(Given data)

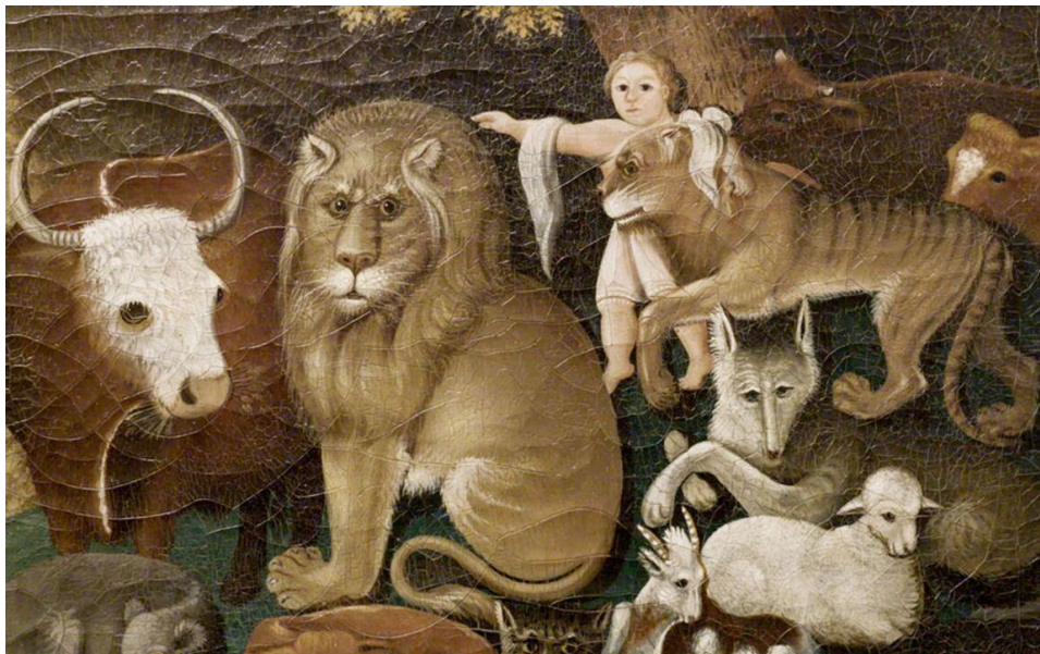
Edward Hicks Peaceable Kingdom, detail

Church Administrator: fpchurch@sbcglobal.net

(End Given data)
(Given data)

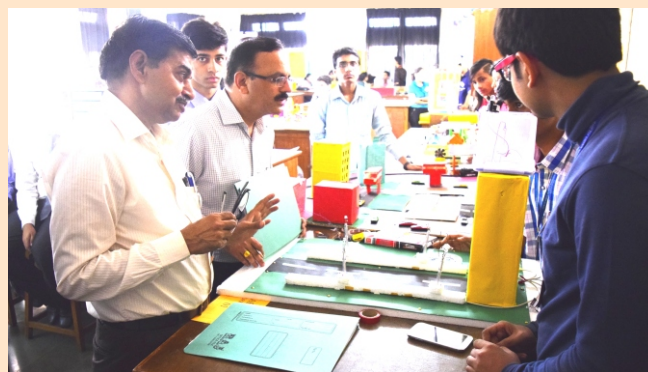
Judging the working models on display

(End Given data)
(Given data)

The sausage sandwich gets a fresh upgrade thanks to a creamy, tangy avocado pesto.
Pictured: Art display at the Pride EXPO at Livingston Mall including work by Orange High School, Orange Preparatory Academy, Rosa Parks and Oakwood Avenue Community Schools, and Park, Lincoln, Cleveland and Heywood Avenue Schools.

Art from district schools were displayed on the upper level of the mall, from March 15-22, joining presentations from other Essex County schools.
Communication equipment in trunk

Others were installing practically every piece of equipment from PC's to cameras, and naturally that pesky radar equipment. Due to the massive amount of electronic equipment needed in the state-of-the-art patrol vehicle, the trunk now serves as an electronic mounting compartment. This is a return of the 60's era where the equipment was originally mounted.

(End Given data)

- Problem requirements: In the material above, tally every line with the string "equipment" in it, then give that number alone.

- Task response: 2